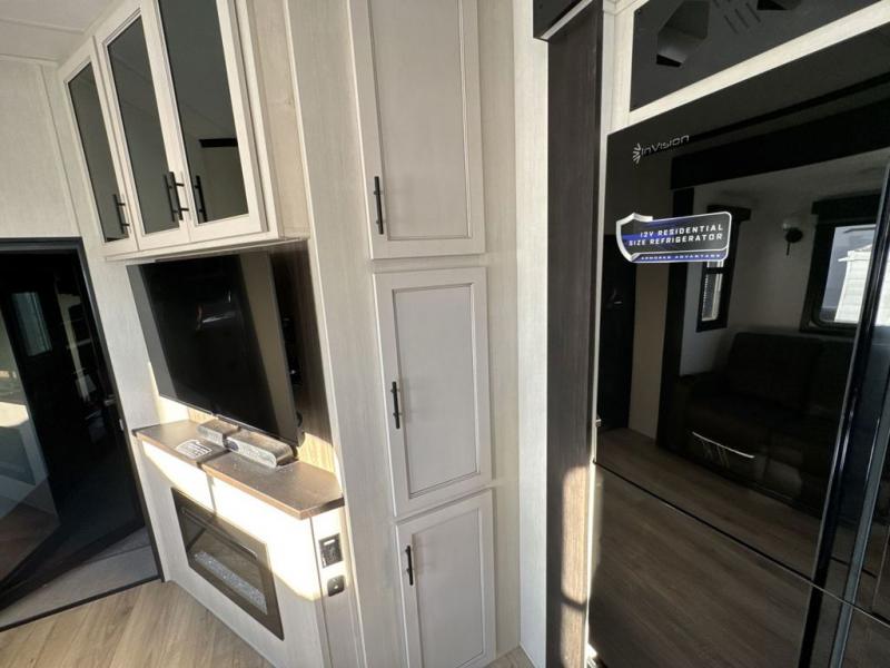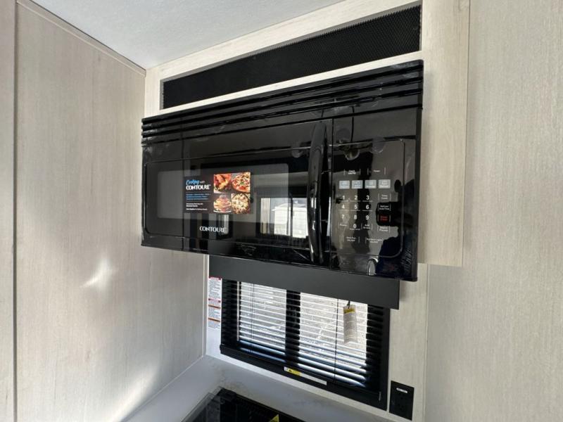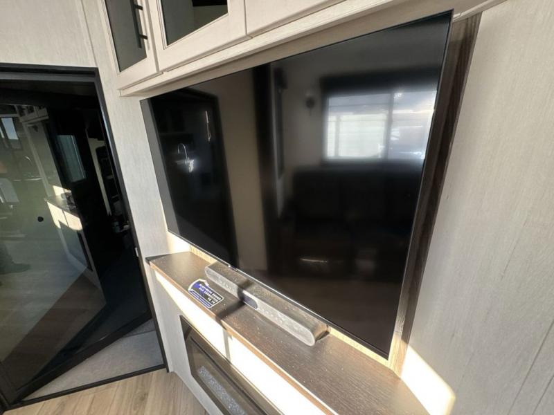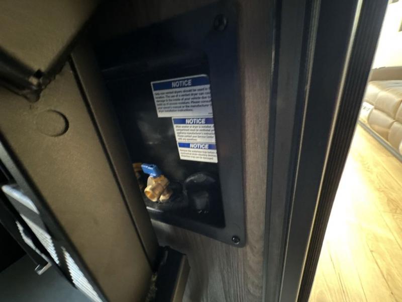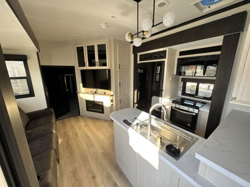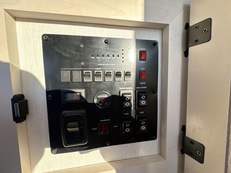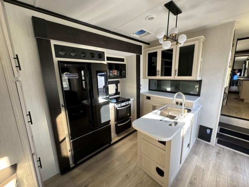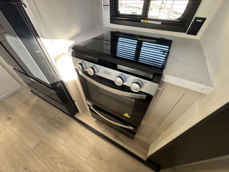 There is ample space in this triple slide out toy hauler for toys, gear, friends and more! The front private bedroom has a king bed slide to lay your head on at night, a front wall wardrobe, a dresser to keep your clothes looking nice, plus an entrance into the bathroom. The kitchen has a counter peninsula to prepare your meals, and a 12V glass residential-style refrigerator to store any leftovers. The garage area has a loft, opposing flip-up sofas with a table in between and a raised queen bed above them, as well as a second entry door. And the half bath/utility bath is an extra bonus when camping with friends!
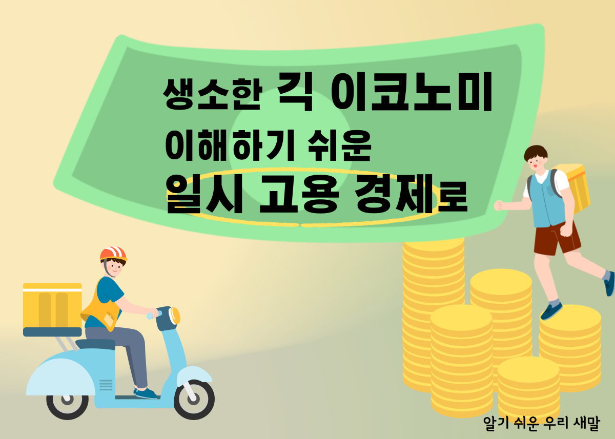 신조어는 ‘새로 생겨난 말’을 가리키지만, 구성 방법을 보면 크게 두 가지로 나눌 수 있다. 원래 많이 쓰던 단어를 둘 이상 결합해서 새로운 의미를 보태 쓰는 방법이 그 하나라면, 다른 하나는 쓰기 시작한 지 비교적 오래되지 않은 단어를 새로 ‘발굴’해 요즘의 세태에 맞춰 활용하는 것이다. 지난 몇 차례에 걸쳐 살펴본 ‘아트 테크’, ‘퍼스널 컬러’, ‘블루 푸드’가 전자(단어 각각의 뜻을 보고 전체 용어의 의미를 짐작할 수 있다)에 해당하고, 오늘 살펴볼 ‘긱 이코노미(gig economy)’는 후자에 속한다.
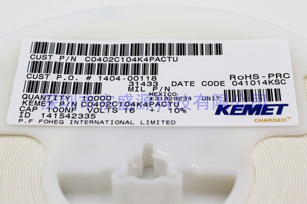KEMET陶瓷电容 0402 16V 0.1UF C0402C104K4PACTU
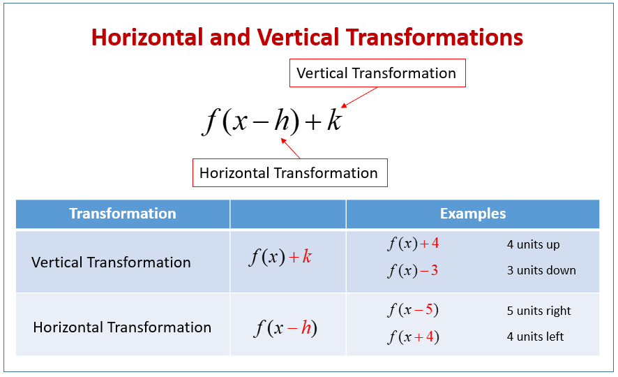 The following diagrams show horizontal and vertical transformations of functions and graphs. Scroll down the page for more examples and solutions on horizontal and vertical transformations.
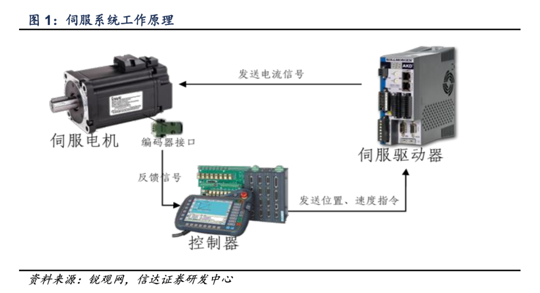 伺服系统由伺服驱动器、伺服电机、编码器三部分组成。伺服驱动器将从控制器接收到的信息分解为单个自由度系统能够执行的命令,传递给伺服电机;伺服电机再将收到的电信号转化为转速和转矩,驱动控制对象;编码器将电机的编码信号反馈给控制器,很大程度上决定了伺服系统的精度。
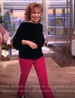 Joy Behar on The View on ABC was spotted wearing this pink houndstooth pants on The View on Sep 22 2022's episode. Joy's Pants is the Olivia Houndstooth Bootcut Pants by Alice + Olivia.
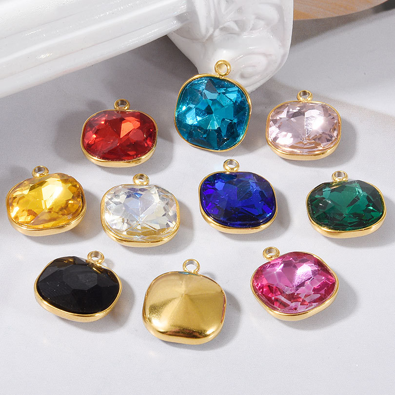 Pendentifs en acier inoxydable strass, Acier inoxydable 304, avec Perceuse à eau en verre, Placage ionique sous vide, DIY, plus de couleurs à choisir, 16x13mm, 10PC/sac, Vendu par sac
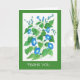 A pretty floral Thank You greeting card with bright blue Morning Glory flowers on a white background with a matching green border. The design is a hand-painted watercolour by Judy Adamson and you can personalise the inside message.
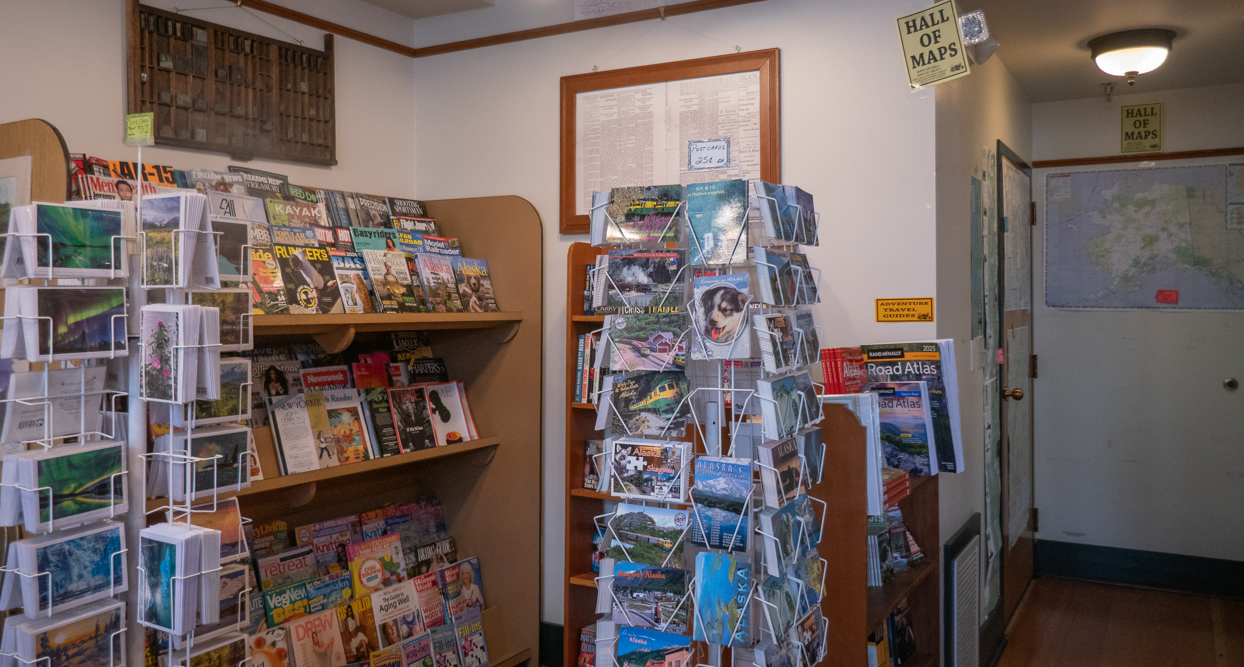 The bookstore specializes in Alaska–Yukon related titles—books, postcards, maps, calendars, journals, magazines—you name it.
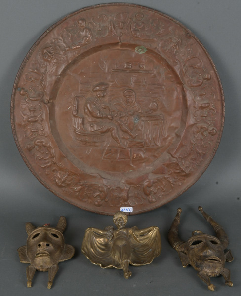 - Katalog-Nr: 1297Viertlgs. Konvolut Metall: Zwei Narrenmasken, eine Schale mit Damenfigur und ein Wandteller, reliefiert mit Genreszene, B=12 bis 43 cm.o.L.
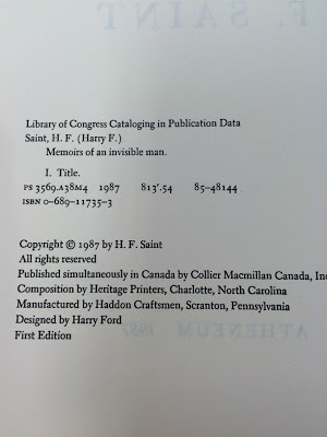 To try to track down Saint, I got a copy of a first edition of the book from the library to comb the acknowledgments, if any. Between the copyright page and flap copy, it yielded only two names: Harry Ford, the designer (who died in 2000) and James Steinberg, the jacket designer.
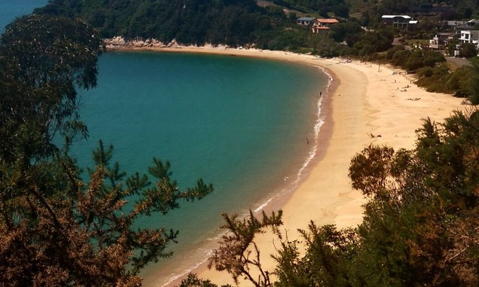 Beautiful secluded and private home with views and short 2-5 min walk (200m)to pristine golden sand beach, and turquoise water, perfect for swimming. All new furnishings and a true home away from home. Located walking distance to hiking and biking tracks or walk along beach or over the track at high tide to the local store, restaurants and the launching area for the Abel Tasman adventures. Our home is privately situated with open space both behind and in front of us and home to a wide variety of native trees and birds and the property is within the 200metre Coastal conservation and Ryder Memorial Park.

● ● ●

**Exercise brief**
Go back to the listing above and reproduce, exactly, the stretch from the line bearing "신조어는 ‘새로 생겨난" through the line bearing "伺服系统由伺服驱动器、伺服电", without its pictures.

**Result for this task**
 신조어는 ‘새로 생겨난 말’을 가리키지만, 구성 방법을 보면 크게 두 가지로 나눌 수 있다. 원래 많이 쓰던 단어를 둘 이상 결합해서 새로운 의미를 보태 쓰는 방법이 그 하나라면, 다른 하나는 쓰기 시작한 지 비교적 오래되지 않은 단어를 새로 ‘발굴’해 요즘의 세태에 맞춰 활용하는 것이다. 지난 몇 차례에 걸쳐 살펴본 ‘아트 테크’, ‘퍼스널 컬러’, ‘블루 푸드’가 전자(단어 각각의 뜻을 보고 전체 용어의 의미를 짐작할 수 있다)에 해당하고, 오늘 살펴볼 ‘긱 이코노미(gig economy)’는 후자에 속한다.
KEMET陶瓷电容 0402 16V 0.1UF C0402C104K4PACTU
 The following diagrams show horizontal and vertical transformations of functions and graphs. Scroll down the page for more examples and solutions on horizontal and vertical transformations.
 伺服系统由伺服驱动器、伺服电机、编码器三部分组成。伺服驱动器将从控制器接收到的信息分解为单个自由度系统能够执行的命令,传递给伺服电机;伺服电机再将收到的电信号转化为转速和转矩,驱动控制对象;编码器将电机的编码信号反馈给控制器,很大程度上决定了伺服系统的精度。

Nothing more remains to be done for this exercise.